On the opposite side of the world, a beleaguered Indian Prime Minister was celebrating 24 years of Independence with a “ship-to-mouth” economy, dependent on PL-480 grain. Private gold reserves in the Indian economy after nearly 25 years of post-colonial rule, were steadily rising. Over the next 10 years, the western world (and most of the rest) blamed OPEC for post-1971 inflation, gold scaled US$800 an ounce; the Hunt Brothers launched their bid to corner the silver market; stagflation made an entry and Soviet power grew. Nixon Chop , itself the result of many years of gold reserves erosion, was one in many steps that brought the US$ to its knees.

Can the dollar be fixed?
Can the dollar be fixed?

On August 15th, 1971, the world got the Nixon Chop – where even Governments could not redeem dollar holdings. The dollar was put on float. In little time, dollar value depreciated from US$35 per ounce of gold to US$800 in 1980. Over the next 20 years, through various clandestine methods (check out the Edmond Safra and the Yamashita stories links), gold prices were managed and brought down to US$225 per ounce – but still 80% reduction in value of dollar value. Foreign reserves of poor countries got eroded. It was a gigantic fraud on the world – especially the poor, developing countries. And the fraud continues.

Every Few Years

Every 10-25 years, the world seems to go from one financial crisis to another. Trucks full of economic analysis follow each crisis – and everyone agrees after each meltdown, that there will not be another catastrophe. What the poor (and not so poor) economists don’t see is that the Anglo Saxon bloc with 80% of the world’s gold production in a choke-hold does what it wants.

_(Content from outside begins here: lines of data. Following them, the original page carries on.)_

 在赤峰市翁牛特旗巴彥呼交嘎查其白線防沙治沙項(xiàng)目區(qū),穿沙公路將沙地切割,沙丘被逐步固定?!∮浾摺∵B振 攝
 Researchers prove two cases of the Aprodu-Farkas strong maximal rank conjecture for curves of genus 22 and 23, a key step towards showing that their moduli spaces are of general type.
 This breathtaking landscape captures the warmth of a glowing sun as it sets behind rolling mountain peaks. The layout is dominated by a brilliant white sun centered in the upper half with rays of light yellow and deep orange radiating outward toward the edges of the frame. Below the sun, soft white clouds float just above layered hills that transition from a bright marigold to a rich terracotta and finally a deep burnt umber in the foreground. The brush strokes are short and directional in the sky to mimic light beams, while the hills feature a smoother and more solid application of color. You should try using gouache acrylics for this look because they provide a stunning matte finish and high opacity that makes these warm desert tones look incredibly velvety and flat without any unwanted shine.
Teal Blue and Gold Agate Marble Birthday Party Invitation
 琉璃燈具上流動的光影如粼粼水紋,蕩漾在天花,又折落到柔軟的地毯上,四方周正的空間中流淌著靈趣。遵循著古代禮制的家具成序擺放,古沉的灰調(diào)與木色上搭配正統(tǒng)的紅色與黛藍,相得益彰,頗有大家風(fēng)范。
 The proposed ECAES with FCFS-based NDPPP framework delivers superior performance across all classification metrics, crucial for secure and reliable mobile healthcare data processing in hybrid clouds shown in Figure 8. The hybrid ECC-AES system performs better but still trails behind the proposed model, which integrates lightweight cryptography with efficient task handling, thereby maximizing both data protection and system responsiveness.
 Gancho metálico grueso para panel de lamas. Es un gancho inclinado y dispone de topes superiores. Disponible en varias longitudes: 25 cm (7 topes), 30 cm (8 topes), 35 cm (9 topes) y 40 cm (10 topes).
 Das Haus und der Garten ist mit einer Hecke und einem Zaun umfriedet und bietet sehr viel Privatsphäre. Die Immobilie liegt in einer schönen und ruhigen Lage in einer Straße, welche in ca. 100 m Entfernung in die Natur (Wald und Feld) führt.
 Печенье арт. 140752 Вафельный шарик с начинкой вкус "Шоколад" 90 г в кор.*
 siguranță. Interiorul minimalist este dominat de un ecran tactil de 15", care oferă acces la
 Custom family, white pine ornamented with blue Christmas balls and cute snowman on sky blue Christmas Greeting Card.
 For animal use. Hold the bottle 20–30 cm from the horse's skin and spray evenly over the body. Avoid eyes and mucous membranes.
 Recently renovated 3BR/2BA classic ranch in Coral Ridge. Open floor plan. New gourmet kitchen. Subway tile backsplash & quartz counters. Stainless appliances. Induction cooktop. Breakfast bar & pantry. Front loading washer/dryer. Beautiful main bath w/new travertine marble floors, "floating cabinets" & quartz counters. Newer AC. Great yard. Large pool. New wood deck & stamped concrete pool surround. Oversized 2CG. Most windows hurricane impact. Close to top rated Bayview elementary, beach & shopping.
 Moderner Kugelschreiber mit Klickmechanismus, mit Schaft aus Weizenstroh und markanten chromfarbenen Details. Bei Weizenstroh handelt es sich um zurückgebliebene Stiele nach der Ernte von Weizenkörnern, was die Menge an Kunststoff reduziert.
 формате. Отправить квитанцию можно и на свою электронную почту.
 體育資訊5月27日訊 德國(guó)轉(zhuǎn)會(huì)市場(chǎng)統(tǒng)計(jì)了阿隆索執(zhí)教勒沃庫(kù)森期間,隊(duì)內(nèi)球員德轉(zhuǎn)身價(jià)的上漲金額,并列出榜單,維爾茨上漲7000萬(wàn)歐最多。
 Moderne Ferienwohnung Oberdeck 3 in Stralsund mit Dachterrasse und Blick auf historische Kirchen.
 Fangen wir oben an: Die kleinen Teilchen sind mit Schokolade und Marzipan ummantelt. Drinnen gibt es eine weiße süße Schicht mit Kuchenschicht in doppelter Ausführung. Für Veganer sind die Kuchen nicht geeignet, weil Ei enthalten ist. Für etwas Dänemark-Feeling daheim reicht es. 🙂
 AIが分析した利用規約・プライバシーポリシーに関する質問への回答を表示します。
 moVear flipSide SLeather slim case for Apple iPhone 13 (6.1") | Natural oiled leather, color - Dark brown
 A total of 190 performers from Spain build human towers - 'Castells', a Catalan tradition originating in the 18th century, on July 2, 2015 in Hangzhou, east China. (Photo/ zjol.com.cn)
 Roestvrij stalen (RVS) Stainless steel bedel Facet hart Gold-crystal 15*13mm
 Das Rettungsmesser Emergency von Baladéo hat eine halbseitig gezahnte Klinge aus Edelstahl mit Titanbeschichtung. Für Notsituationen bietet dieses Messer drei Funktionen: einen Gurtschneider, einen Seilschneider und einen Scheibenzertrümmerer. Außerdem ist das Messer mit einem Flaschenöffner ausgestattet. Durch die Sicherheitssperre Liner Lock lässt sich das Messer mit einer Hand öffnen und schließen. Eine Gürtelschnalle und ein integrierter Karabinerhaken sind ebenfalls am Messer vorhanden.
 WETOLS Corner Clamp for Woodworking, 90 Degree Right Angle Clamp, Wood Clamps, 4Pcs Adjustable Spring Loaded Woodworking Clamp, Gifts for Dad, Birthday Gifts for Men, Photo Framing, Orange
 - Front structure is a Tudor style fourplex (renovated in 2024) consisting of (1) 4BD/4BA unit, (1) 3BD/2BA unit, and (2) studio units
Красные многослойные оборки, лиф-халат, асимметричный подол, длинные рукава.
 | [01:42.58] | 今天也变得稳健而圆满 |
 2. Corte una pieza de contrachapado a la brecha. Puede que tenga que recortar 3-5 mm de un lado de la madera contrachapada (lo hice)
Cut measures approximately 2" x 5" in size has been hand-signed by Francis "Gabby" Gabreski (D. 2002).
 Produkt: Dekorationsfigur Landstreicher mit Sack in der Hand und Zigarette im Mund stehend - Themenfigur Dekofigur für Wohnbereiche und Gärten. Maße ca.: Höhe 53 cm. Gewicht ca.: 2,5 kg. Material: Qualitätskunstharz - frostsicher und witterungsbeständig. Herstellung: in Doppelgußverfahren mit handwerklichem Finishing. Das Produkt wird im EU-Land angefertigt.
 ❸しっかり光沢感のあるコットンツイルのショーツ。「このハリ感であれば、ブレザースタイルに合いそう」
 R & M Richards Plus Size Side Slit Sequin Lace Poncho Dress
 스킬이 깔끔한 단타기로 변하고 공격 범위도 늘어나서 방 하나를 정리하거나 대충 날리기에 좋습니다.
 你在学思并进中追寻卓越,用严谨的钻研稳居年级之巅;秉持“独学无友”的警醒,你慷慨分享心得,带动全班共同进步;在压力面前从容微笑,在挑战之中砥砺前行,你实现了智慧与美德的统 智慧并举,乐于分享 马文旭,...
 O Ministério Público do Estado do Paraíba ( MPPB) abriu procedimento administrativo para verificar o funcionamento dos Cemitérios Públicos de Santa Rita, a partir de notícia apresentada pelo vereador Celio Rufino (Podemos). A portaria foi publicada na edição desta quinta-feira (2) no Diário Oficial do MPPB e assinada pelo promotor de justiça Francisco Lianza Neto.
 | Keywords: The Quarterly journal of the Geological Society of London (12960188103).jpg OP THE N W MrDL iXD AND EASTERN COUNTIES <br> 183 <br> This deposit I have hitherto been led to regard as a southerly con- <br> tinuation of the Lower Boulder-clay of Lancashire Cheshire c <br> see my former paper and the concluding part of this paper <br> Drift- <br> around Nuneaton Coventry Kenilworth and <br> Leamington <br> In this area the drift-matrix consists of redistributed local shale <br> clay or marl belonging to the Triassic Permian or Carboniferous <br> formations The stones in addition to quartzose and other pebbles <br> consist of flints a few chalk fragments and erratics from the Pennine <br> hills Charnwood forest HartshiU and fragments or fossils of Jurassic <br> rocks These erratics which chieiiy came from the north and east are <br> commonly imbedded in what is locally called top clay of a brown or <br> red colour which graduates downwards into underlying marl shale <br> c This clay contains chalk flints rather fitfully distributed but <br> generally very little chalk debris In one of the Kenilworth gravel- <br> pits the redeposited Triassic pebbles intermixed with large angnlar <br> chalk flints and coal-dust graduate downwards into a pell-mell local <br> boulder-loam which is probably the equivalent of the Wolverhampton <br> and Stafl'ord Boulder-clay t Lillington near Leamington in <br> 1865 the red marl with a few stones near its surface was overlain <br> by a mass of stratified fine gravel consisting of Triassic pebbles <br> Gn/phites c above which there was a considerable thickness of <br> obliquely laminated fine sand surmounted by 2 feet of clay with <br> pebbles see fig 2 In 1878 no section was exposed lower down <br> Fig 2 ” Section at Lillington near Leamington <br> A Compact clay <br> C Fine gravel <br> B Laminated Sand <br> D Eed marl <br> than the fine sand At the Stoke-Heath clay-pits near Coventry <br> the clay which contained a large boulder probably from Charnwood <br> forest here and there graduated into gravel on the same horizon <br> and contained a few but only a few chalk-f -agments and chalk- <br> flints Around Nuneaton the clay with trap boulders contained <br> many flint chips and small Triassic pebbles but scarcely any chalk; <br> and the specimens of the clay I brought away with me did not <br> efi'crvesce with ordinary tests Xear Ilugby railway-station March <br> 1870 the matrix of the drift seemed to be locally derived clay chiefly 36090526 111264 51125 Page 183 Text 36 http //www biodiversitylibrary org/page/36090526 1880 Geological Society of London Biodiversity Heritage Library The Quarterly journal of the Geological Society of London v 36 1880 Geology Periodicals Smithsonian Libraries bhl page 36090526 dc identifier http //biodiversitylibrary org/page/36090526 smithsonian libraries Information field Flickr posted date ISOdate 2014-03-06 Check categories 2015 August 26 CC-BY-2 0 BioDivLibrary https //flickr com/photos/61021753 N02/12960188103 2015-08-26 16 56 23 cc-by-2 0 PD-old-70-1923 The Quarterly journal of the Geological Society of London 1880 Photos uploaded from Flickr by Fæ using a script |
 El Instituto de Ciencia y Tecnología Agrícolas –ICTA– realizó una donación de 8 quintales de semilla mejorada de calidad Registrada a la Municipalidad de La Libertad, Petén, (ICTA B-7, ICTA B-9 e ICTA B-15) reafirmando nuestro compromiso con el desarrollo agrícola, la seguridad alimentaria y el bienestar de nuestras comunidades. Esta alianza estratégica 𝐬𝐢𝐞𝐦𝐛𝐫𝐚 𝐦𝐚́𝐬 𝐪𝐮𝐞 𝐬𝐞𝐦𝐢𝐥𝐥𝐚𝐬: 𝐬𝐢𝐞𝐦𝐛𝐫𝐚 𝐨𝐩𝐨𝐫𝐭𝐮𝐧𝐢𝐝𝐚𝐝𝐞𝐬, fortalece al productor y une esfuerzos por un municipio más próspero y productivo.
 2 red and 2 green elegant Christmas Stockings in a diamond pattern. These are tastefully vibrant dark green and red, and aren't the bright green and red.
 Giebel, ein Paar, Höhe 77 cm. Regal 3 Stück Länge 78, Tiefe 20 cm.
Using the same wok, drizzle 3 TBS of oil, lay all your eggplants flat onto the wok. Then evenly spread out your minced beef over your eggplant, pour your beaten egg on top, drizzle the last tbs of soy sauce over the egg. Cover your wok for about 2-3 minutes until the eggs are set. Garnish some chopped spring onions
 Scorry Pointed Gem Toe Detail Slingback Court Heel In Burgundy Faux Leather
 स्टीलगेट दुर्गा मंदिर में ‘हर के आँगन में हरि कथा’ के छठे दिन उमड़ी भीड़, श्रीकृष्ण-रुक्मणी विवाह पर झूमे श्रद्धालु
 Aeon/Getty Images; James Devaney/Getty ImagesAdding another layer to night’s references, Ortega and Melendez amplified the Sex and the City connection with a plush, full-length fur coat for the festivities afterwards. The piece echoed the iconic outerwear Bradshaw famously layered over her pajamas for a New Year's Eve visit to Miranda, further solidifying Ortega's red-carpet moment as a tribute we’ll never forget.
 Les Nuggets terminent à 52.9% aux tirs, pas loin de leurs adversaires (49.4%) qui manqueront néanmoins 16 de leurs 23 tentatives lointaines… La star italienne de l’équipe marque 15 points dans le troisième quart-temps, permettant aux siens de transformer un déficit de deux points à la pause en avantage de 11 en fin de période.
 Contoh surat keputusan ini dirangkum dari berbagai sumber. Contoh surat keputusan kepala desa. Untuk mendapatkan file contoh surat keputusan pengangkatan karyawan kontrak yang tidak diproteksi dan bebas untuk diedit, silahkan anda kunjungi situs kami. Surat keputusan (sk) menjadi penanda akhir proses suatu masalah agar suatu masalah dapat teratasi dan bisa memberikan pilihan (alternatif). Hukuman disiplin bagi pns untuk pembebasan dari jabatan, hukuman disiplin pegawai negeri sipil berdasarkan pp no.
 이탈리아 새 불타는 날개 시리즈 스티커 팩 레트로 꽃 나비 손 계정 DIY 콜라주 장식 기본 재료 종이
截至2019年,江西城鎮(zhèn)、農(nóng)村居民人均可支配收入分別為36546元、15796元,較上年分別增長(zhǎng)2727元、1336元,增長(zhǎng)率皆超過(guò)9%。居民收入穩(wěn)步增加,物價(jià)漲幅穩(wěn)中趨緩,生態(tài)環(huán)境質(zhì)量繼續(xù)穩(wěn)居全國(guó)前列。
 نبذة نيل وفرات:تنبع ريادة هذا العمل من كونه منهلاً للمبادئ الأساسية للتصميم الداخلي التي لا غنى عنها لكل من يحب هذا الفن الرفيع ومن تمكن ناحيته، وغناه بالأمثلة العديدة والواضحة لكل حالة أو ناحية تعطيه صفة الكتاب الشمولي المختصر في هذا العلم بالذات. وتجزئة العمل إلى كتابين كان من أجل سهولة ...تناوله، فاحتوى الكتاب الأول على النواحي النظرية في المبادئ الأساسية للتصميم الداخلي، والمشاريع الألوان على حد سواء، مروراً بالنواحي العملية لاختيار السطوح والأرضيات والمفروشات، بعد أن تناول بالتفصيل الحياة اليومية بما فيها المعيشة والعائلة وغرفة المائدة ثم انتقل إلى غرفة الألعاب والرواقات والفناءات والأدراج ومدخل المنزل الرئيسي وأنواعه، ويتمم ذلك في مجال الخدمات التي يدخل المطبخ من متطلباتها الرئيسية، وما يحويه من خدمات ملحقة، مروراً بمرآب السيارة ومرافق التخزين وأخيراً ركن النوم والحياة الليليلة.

On December 31st, 1974, nearly forty years after Roosevelt nationalized private American gold stocks, Americans were allowed to invest in gold again. Again Indian liberalization (1991) of gold imports happened a good 17 years after the US laws (1974) were liberalized. I wonder, how that was tied.

And that is what has happened for the last 60 years. Of course, all good (for the Anglo-Saxon Bloc) things come to an end. And so has Bretton Woods – I & II.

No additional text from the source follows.